Just a quickie [insert lewd comment here], but do numbers in ads or sales pitches work?

I say this as I heard someone stand up and tout the benefits of their forthcoming webinar, that was going to be made available to one billion people, for free.
This was followed with ‘and you don’t want to be the billionth and one person’.
Notwithstanding that ‘the billionth and one person’ is a really clunky phrase to fit into a quick presentation
I always have huge reservations over the word ‘free’: my first thought is ‘why is it free? What’s in it for the person offering it? What will I be asked to buy into later?’

This isn’t my main issue, though.

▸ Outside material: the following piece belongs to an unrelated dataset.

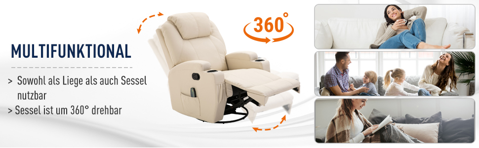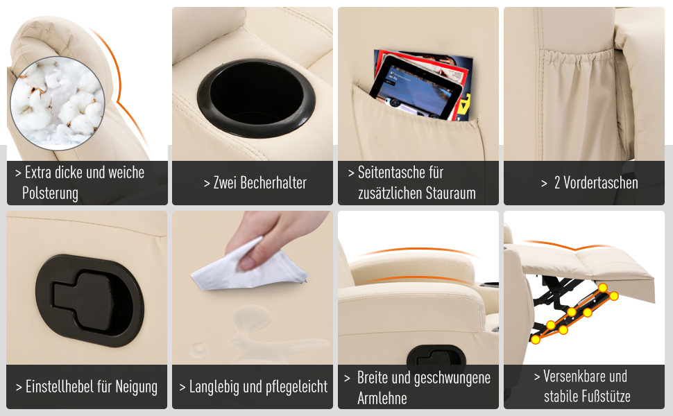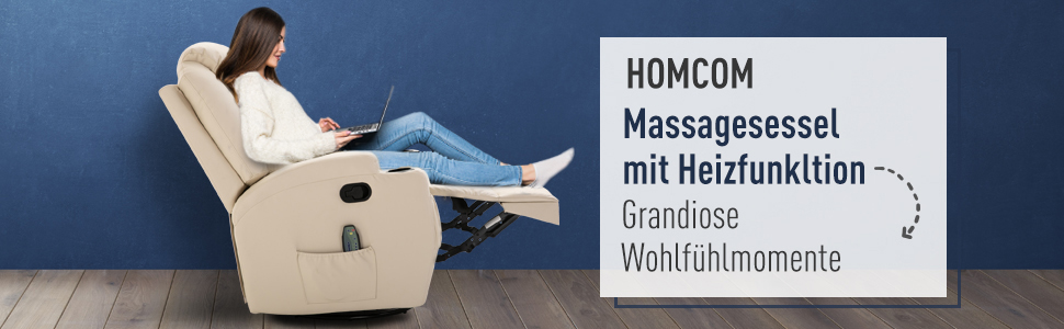 HOMCOM® Massagesessel Wärmefunktion | Eco-Leder, Schaumstoff, Metall | 84 x 92 x 109 cm | Creme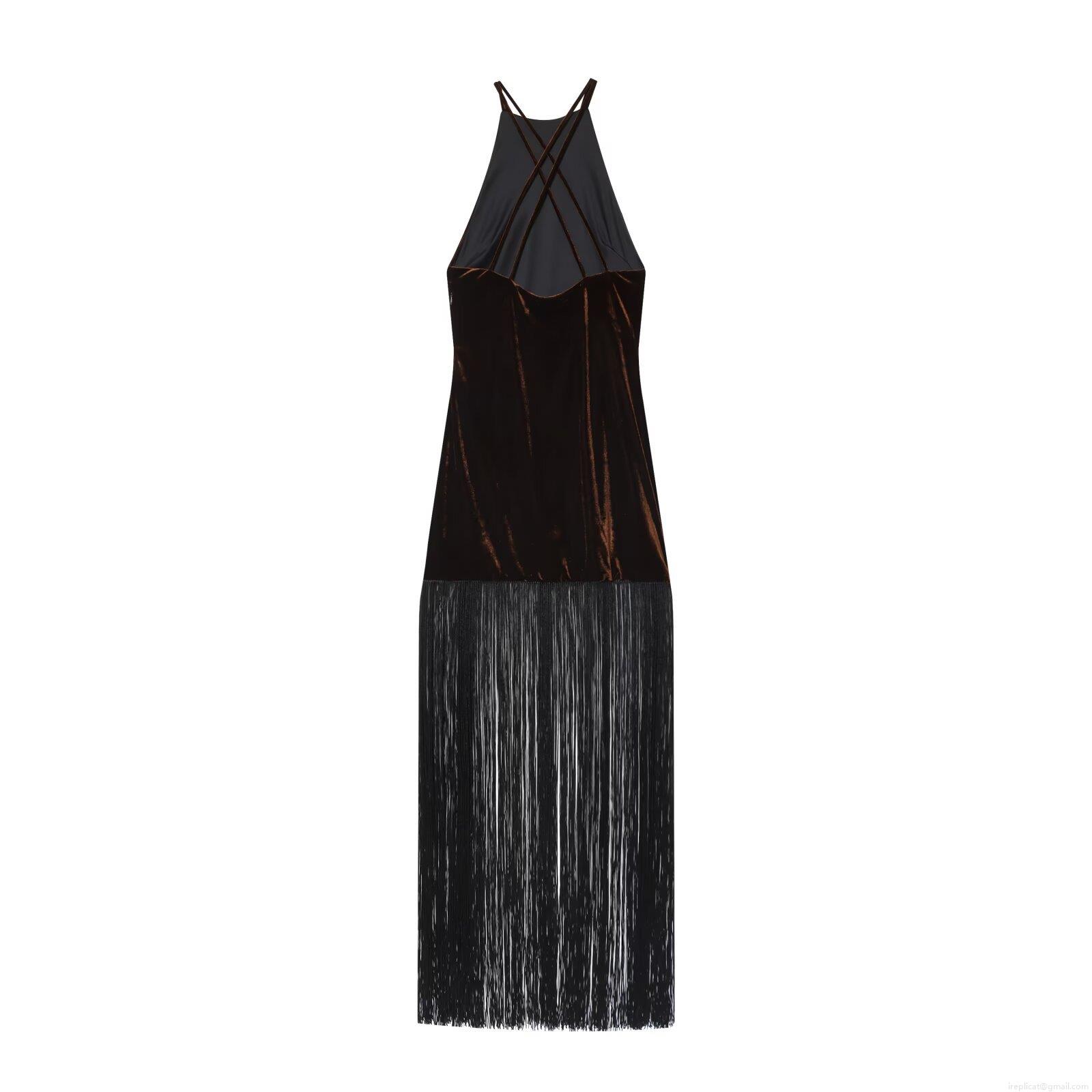 Sexy Halter Backless Velvet Maxi Dress with Long Tassel Fringe Evening Party Bodycon Dress for Women Luxury Clubwear Velvet Dress

My main issue is with ‘one billion people’. It’s such a vast, incomprehensible number – certainly in the context of offering that many webinars – that it doesn’t seem plausible, and my brain just inserts a blank there… then hears all of the other words.

I find this, in general, with advertising that drops figures into the mix (bar ads for financial services, obviously).
If a broadband company offers ‘up to a 77% increase in connection speed over other providers’ I just read the words ‘increase in connection speed’. The ‘77%’ is a blank as there are too many variables in it: compared to which providers? All of them? At what times of day? In which counties/cities/locales?
Moreover, this statistic appears in an advert which we know is trying to sell us into a service. What’s the likelihood of the figure coming from the company’s own, in-house survey – skewed for advertising purposes – Vs a completely independent survey from an outside company? (or maybe an independent survey with leading questions…)

The same goes for ads like Colgate’s: ‘9 out of 10 dentists who tried it, would recommend it’.
How many dentists were surveyed? Were they all just from one area? Were they all from the same dental practice?? Did they just survey dentists until the got they right
Again, it’s a statistic created with the specific aim of selling you into a product – it can be fiddled any which way to get it right. This is why I simply don’t hear the ‘9 out of 10′ bit: it’s a blank to me. Ironically, I actually use Colgate, but it has b*gger all to do with dentists’ recommendations.

All of this demonstrates a fairly obvious point, coming from me: I like writing strong, emotive copy that moves people to action. I’m not a fan of plonking (clearly engineered) stats into a campaign in the hope that people are stupid enough to believe them.

Not sure what everyone else’s thoughts are, on this – I’d be interested to know.